2. Identify the cases of discourse reference, then classify them into: cataphoric &
anaphoric references. Comment on the use of cataphoric reference.
I used to think the whole purpose of life was pursuing happiness. Everyone said
the path to happiness was success, so I searched for that ideal job, that perfect
boyfriend, that beautiful apartment.
But instead of ever feeling fulfilled, I felt anxious and adrift. And I wasn’t alone;
my friends — they struggled with this, too. Eventually, I decided to go to graduate
school for positive psychology to learn what truly makes people happy. But what I
discovered there changed my life. The data showed that chasing happiness can
make people unhappy.
And what really struck me was this: the suicide rate has been rising around the
world, and it recently reached a 30-year high in America. Even though life is
getting objectively better by nearly every conceivable standard, more people feel
hopeless, depressed and alone. There’s an emptiness gnawing away at people,
and you don’t have to be clinically depressed to feel it. Sooner or later, I think we
all wonder: Is this all there is?
(There’s More to Life than Being Happy, Emily Esfahani
Smith, TED talk)
.
Question 1: Identify the presuppositions, then classify them.
1. “I used to think the whole purpose of life was pursuing happiness.” Lexical
presupposition.
I no longer think the purpose of life is to pursue happiness.
2. “Everyone said the path to happiness was success, so I searched for that ideal
job, that perfect boyfriend, that beautiful apartment.”
Existential presuppositions.
The way to happiness is successful.
The author has an ideal job, a boyfriend, and a beautiful apartment.
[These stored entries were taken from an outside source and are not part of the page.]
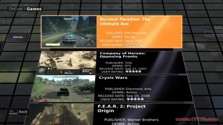 Onlive得到了视频游戏厂商的青睐,目前该平台提供16款游戏,其中不乏《Crysis》、《英雄连》、《FEAR2》这样的大作,待今年年底正式发布时还会有更多加入。
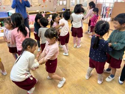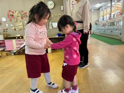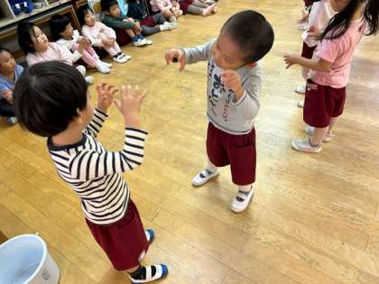 「もみもみもみじ」という曲に合わせて、異学年の友達と仲良し遊びをしました。自分をもみもみしたり、ペアの友達をモミモミしたりして遊びました。
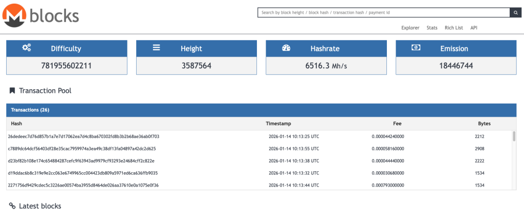 Au-delà du prix, les métriques réseau donnent du relief au récit. Sur les dernières 24 heures observées, Monero a traité environ 37 000 transactions, avec des frais moyens autour de 0,00052 XMR, soit environ 0,36 $ au cours du moment. Le réseau continue aussi d’afficher une puissance de calcul robuste, avec un hashrate autour de 6,4 à 6,5 GH/s et une difficulté proche de 800 G.
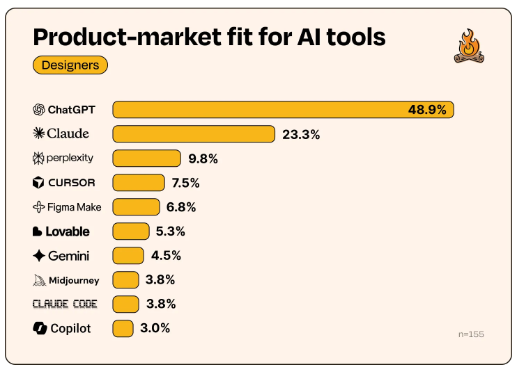 设计师(23.3%)和创始人(20.6%)对Claude的依赖指数最高。Claude生态系统(Claude和Claude Code合计)总体覆盖率达到27.5%。这对Anthropic来说似乎是一个巨大的胜利。
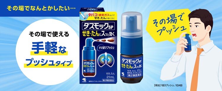 ●手軽に使えるプッシュタイプの液体のお薬なので、せきやたんが気になるその場で使えます
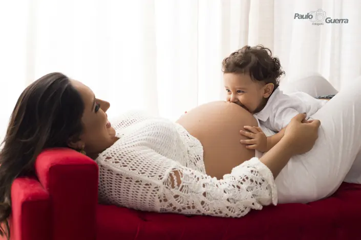Ensaio fotográfico para gestantes, em estúdio ou externo.
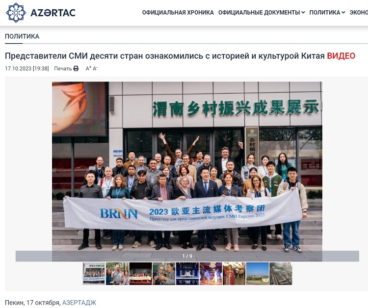 阿塞拜疆國(guó)家通訊社報(bào)道2023“一帶一路”媒體合作論壇歐亞主流媒體考察團(tuán)走進(jìn)陜西
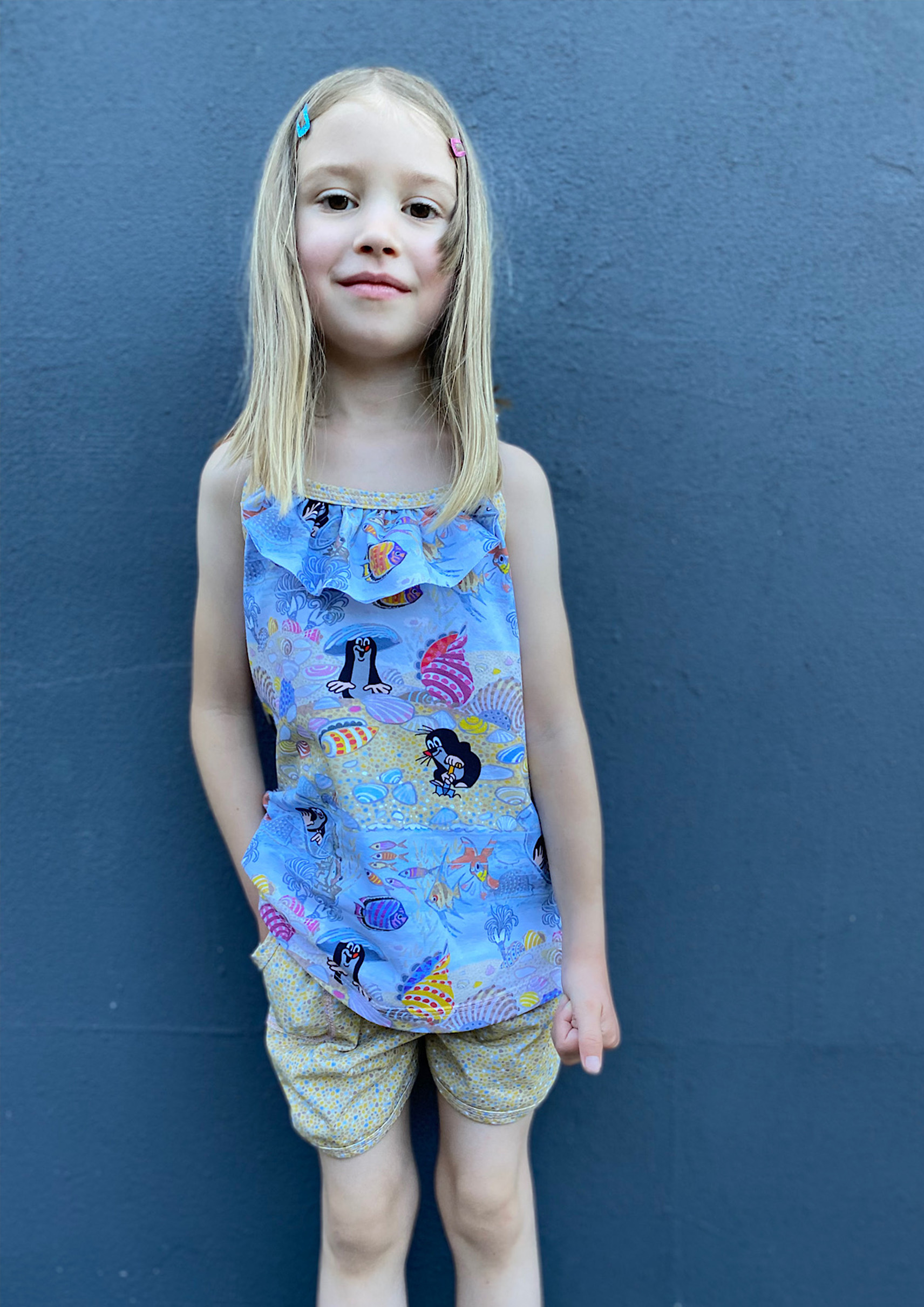 Die Stoffe der Kollektion sind perfekt aufeinander abgestimmt und ergeben traumhafte Sommeroutfits. Wir sehen Kleider, Shorts, Shirts, Trägertops und luftige Röcke vor uns. Aber lasst Euch gesagt sein: Auch solo vernäht sind diese Stoffe einfach traumhaft! Ein elegantes Kleid aus Aquarell oder ein sportliches Shirt aus den Kieseln? Alles ist möglich!
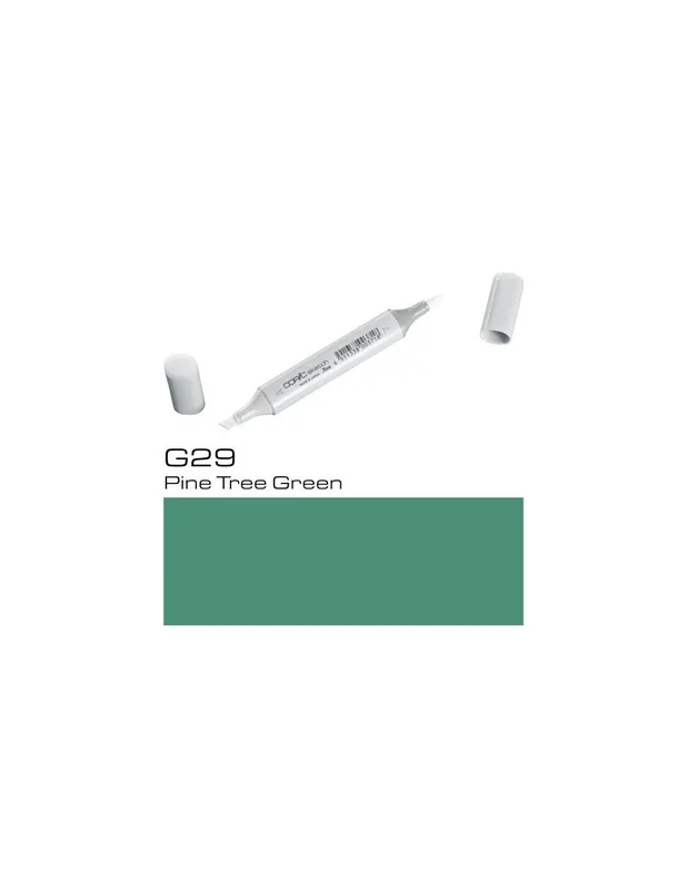 ROTULADOR COPIC SKETCH G29 Pine Tree GreenCOPIC SKETCH G29 Pine Tree GreenLos rotuladores copic sketch son los rotuladores preferidos de los profesionales del diseño, la ilustración, el dibujo manga y el scrap.Con sus 358 colores tienes todo un mundo de posibilidades a tu alcance, es la mayor gama de colores que existe en rotuladores, dificilmente no encontrarás aquella tonalidad que estás buscando.El rotulador copic sketch tiene dos puntas: una biselada para colorear grandes áreas y otra de pincel muy flexible ideal para dibujar. Las puntas se pueden cambiar cuando se gastan.Son rotuladores recargables, se puede volver a aprovechar la carcasa, con un frasco de tinta copic ink de 25 cc puedes rellenar hasta 12 veces un sketch.La tinta copic es a base de alcohol, es permanente y no es tóxica. Cuando se seca está libre de ácido.Los rotuladores copic sketch se pueden utilizar también con el sistema de aerografia copic.
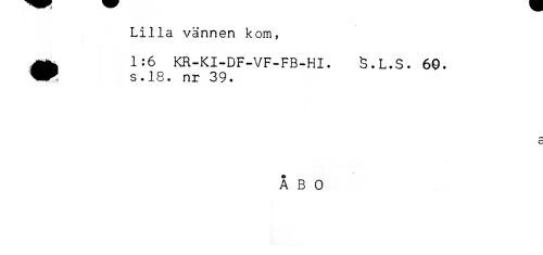 //// Lilla vännen kom, //// ^ 1:6 KR-KI-DF-VF-FB-HI. 3.L.S. 60. //// ^^ s.18. nr 39. //// C //// ÅBO ////
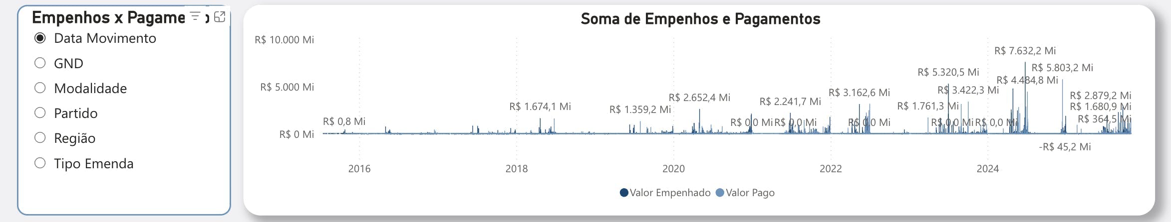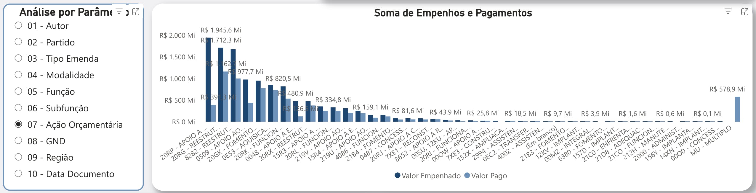 Foram adicionados os botões [COM RAP] e [SEM RAP] no painel de empenhado e pago das emendas, permitindo diferenciar o que foi pago em anos posteriores ao da emenda como Restos a Pagar.
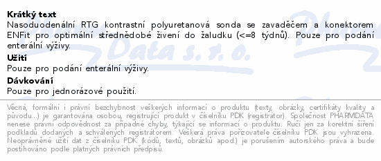 Nasoduodenální RTG kontrastní polyuretanová sonda se zavaděčem a konektorem ENFit pro optimální střednědobé živení do žaludku (
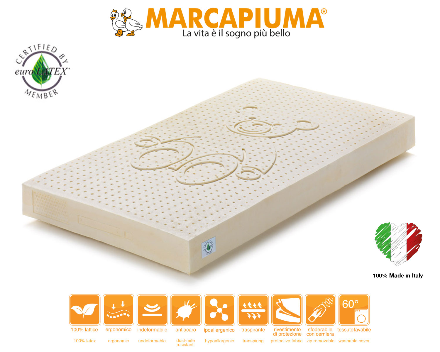 Materasso per bambino composto da Lattice 100% di Prima Qualità alto 12 cm.

Question 2: Identify the cases of discourse reference, then classify them into: cataphoric
& anaphoric references. Comment on the use of cataphoric reference.
2. “But instead of ever feeling fulfilled, I felt anxious and adrift. And I wasn’t alone;
my friends — they struggled with this, too.”
This is an anaphoric reference. It refers to anxious and adrift.
5. “And what really struck me was this: the suicide rate has been rising around the
world, and it recently reached a 30-year high in America.”
This is a cataphoric reference. This refers to the suicide rate has been rising
around the world, and it recently reached a 30-year high in America.
6. “… the suicide rate has been rising around the world, and it recently reached a
30-year high in America.”
It is an anaphoric reference. It refers to the suicide rate.
8. “I used to think the whole purpose of life was pursuing happiness… Sooner or
later, I think we all wonder: Is this all there is?”
This is an anaphoric reference. This refers to pursuing happiness.
“But what I discovered there changed my life. The data showed that chasing
happiness can make people unhappy.”
In the first sentence, instead of using the term data, the speaker used to use the
word what to pique the hearer’s interest in what she has uncovered. This
reinforces what she discovered in her research: the pursuit of pleasure can make
individuals miserable.
“And what really struck me was this: the suicide rate has been rising around the
world, and it recently reached a 30-year high in America.”
The speaker doesn’t just wish to stress the latter for the listener in this sentence.
what really struck me and this were used sequentially by the speaker to highlight
what she was about to say. This is meant to emphasize the importance of the latter:
Suicide rates are on the rise all across the world.